### Extracted records
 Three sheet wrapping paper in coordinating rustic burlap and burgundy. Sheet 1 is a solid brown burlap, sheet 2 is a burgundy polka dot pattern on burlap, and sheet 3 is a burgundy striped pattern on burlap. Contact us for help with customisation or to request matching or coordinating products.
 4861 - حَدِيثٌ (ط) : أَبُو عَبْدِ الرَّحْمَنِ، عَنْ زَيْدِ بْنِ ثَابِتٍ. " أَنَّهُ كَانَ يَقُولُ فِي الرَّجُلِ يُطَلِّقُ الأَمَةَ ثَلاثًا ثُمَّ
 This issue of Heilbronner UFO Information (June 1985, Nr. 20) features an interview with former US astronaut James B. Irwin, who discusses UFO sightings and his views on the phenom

---

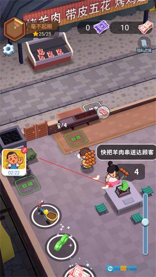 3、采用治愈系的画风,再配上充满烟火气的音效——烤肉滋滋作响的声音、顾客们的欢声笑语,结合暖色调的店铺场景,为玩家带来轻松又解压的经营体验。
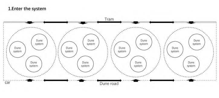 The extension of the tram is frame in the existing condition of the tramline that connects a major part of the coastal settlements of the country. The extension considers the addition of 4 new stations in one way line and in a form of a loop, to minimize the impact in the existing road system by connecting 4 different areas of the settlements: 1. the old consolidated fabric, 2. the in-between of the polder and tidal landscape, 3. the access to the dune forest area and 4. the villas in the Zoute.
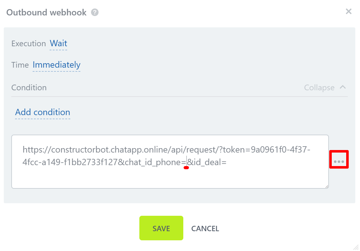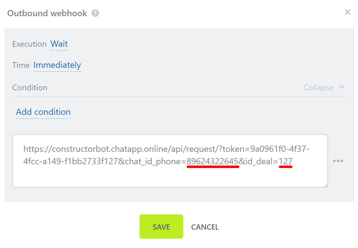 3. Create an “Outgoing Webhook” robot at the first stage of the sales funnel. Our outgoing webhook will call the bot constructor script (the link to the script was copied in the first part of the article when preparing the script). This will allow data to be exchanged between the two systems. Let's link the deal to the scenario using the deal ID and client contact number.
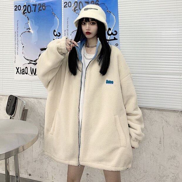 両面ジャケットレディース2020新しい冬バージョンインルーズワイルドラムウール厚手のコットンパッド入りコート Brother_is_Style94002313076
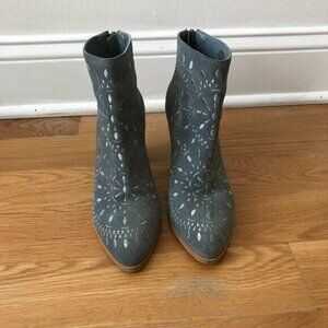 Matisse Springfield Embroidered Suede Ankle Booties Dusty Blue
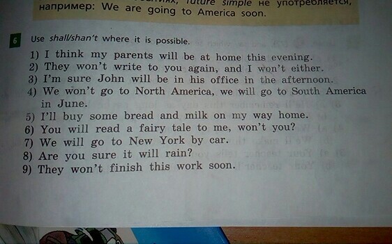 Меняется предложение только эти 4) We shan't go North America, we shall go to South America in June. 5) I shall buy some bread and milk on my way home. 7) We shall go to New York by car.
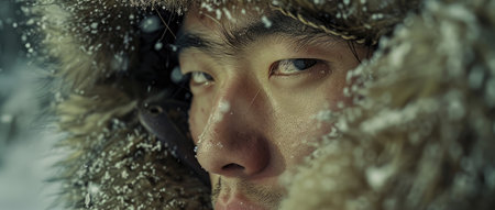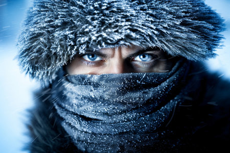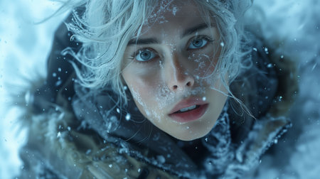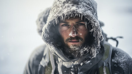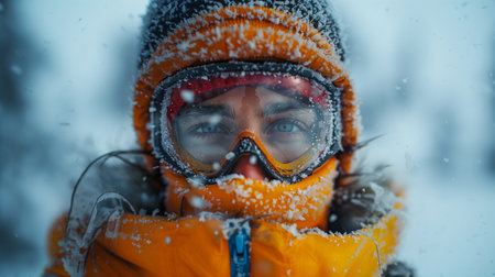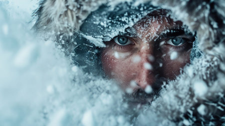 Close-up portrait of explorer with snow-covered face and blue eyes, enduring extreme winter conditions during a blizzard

...

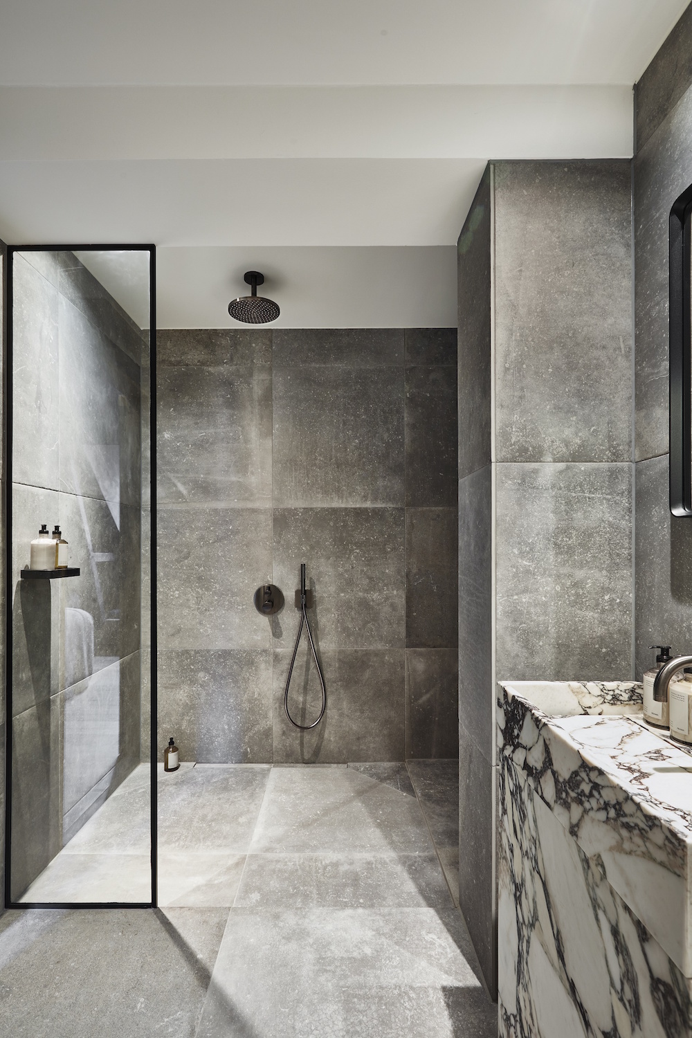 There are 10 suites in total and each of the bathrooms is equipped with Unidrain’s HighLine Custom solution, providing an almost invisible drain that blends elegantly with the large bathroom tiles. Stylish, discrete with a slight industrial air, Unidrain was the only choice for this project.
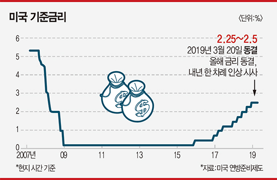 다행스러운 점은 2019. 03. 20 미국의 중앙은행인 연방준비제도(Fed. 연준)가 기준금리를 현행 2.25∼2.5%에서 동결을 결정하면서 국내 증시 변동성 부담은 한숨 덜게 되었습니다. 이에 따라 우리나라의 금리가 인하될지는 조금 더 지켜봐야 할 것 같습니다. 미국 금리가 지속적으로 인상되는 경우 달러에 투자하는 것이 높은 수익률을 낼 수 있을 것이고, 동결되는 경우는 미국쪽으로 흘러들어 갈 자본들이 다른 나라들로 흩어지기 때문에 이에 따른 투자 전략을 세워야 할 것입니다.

### The problem
An exact copy of the lines above between the line holding "Three sheet wrapping" and the line holding "This issue of", inclusive, is the whole answer.

### Task response
 Three sheet wrapping paper in coordinating rustic burlap and burgundy. Sheet 1 is a solid brown burlap, sheet 2 is a burgundy polka dot pattern on burlap, and sheet 3 is a burgundy striped pattern on burlap. Contact us for help with customisation or to request matching or coordinating products.
 4861 - حَدِيثٌ (ط) : أَبُو عَبْدِ الرَّحْمَنِ، عَنْ زَيْدِ بْنِ ثَابِتٍ. " أَنَّهُ كَانَ يَقُولُ فِي الرَّجُلِ يُطَلِّقُ الأَمَةَ ثَلاثًا ثُمَّ
 This issue of Heilbronner UFO Information (June 1985, Nr. 20) features an interview with former US astronaut James B. Irwin, who discusses UFO sightings and his views on the phenom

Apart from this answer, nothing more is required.